The law has also recently been interpreted in such a way as to make it a very expensive violation. At one time the law was interpreted on a per product basis; it was a single violation to distribute any number of the same product with a false mark. The law limits the fine to $500.00 per violation, which is not a significant incentive to a large company and, consequently, they tended to ignore the legally required due diligence. On December 28, 2009, however, a U.S. appellate court for the Federal Circuit held that fines should be imposed on a per article basis, a much greater incentive to pay attention to product markings.

This new ruling has produced the steep rise in false marking litigation as shown in the previous diagram.

The Impact to Operating Companies

The upshot is that there is a very real business need to mark your products–but it’s critical to monitor and manage your IP very closely in the process to ensure you don’t fall victim to a False Marking lawsuit. That can be a very tall order, though, because you need to translate between what is patented and what technologies your product contains. That means you need to have an understanding of which products are associated with which patents in your portfolio.

There are three areas that can impact an operating company:

  • Product protection strategies: You need to clearly identify what products are your biggest sources of revenue and align patents to protect them. 25% of product owners also own patents, resulting in significant patent infringement. Marking can be an effective tool of preventing duplication, but you need to think about your entire IP strategy (products, trademarks, patents, etc), especially around enforcement and infringement detection.
  • Patent maintenance decisions: As patent maintenance comes due, companies are making decisions about whether to renew patents. There is a large financial incentive to not renew patents to avoid maintenance fees, but it comes at a potential cost because of the lost patent protection. Incorporating patent-to-product association into the maintenance process becomes imperative, especially given the new threat of a false marking lawsuit.
  • Product management: A number of important questions require answers as you develop your product management strategy:
    • As new products are developed or repackaged, what IP is protecting them?
    • How do you put your IP into a product-related taxonomy?
    • How are you designing packaging to compete with other’s IP and products?
    • Do team members (developers, product managers, legal researchers, etc.) have the IP and product data they need when they need it?

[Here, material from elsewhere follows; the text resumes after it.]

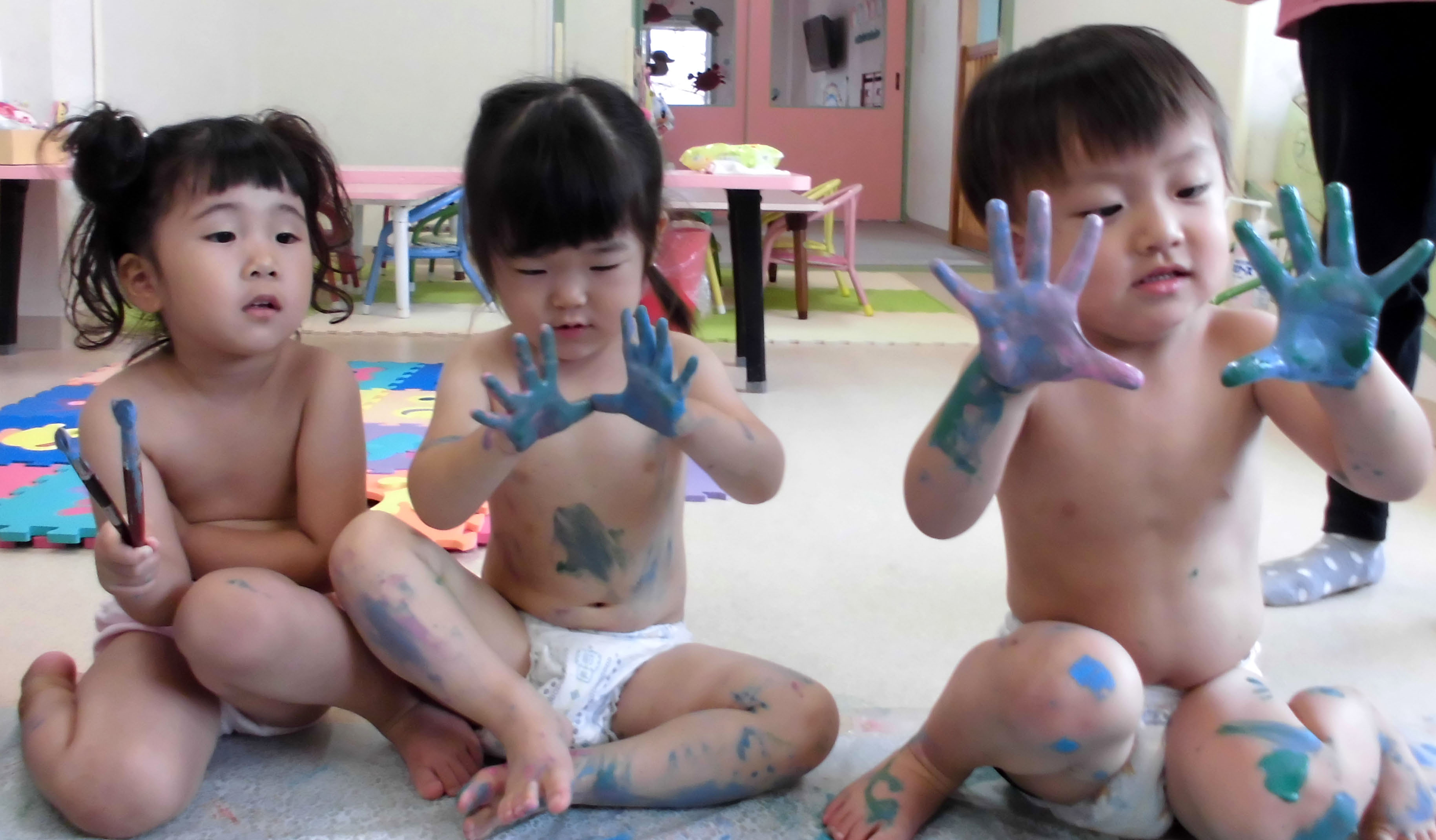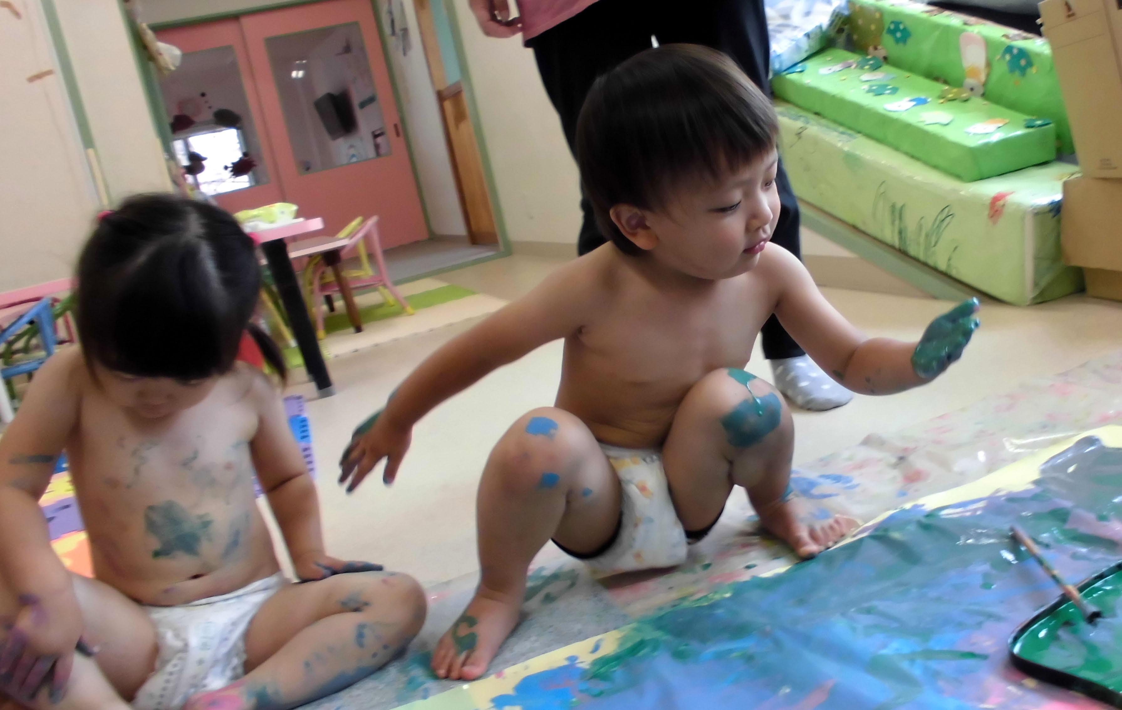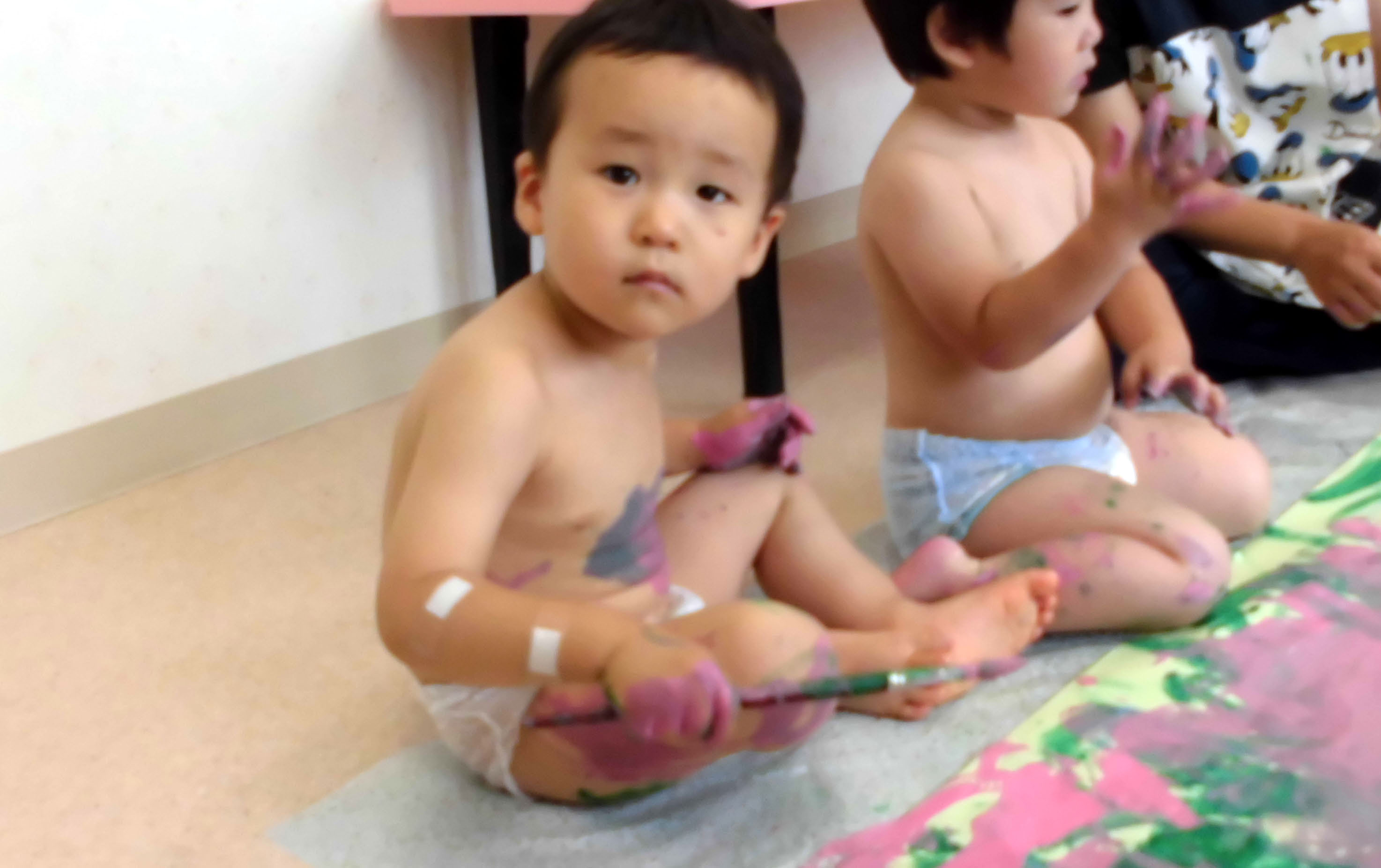 今日のアヒル組はボディーペインティングで大盛り上がり

Today, there is really only one practical way to address these critical areas: Innography.

Innography enables the understanding of trademarked product and patent associations. Rather than trying to catalog all your products with their patent marks, you can quickly search your trademarks (which represent your product pool) and with a single click, determine what patents are in play. This helps with protection strategies, maintenance decisions, and general product management, and can be helpful to understand marking issues before a competitor threatens a false marking lawsuit.

While the Senate is reviewing legislation around false markings, it appears that it will only limit lawsuits to be brought by competitors, instead of including individuals as well. No matter how it shapes up in 2010, it is clear that a new trend of lawsuits has appeared and it has deep implications for product management strategies.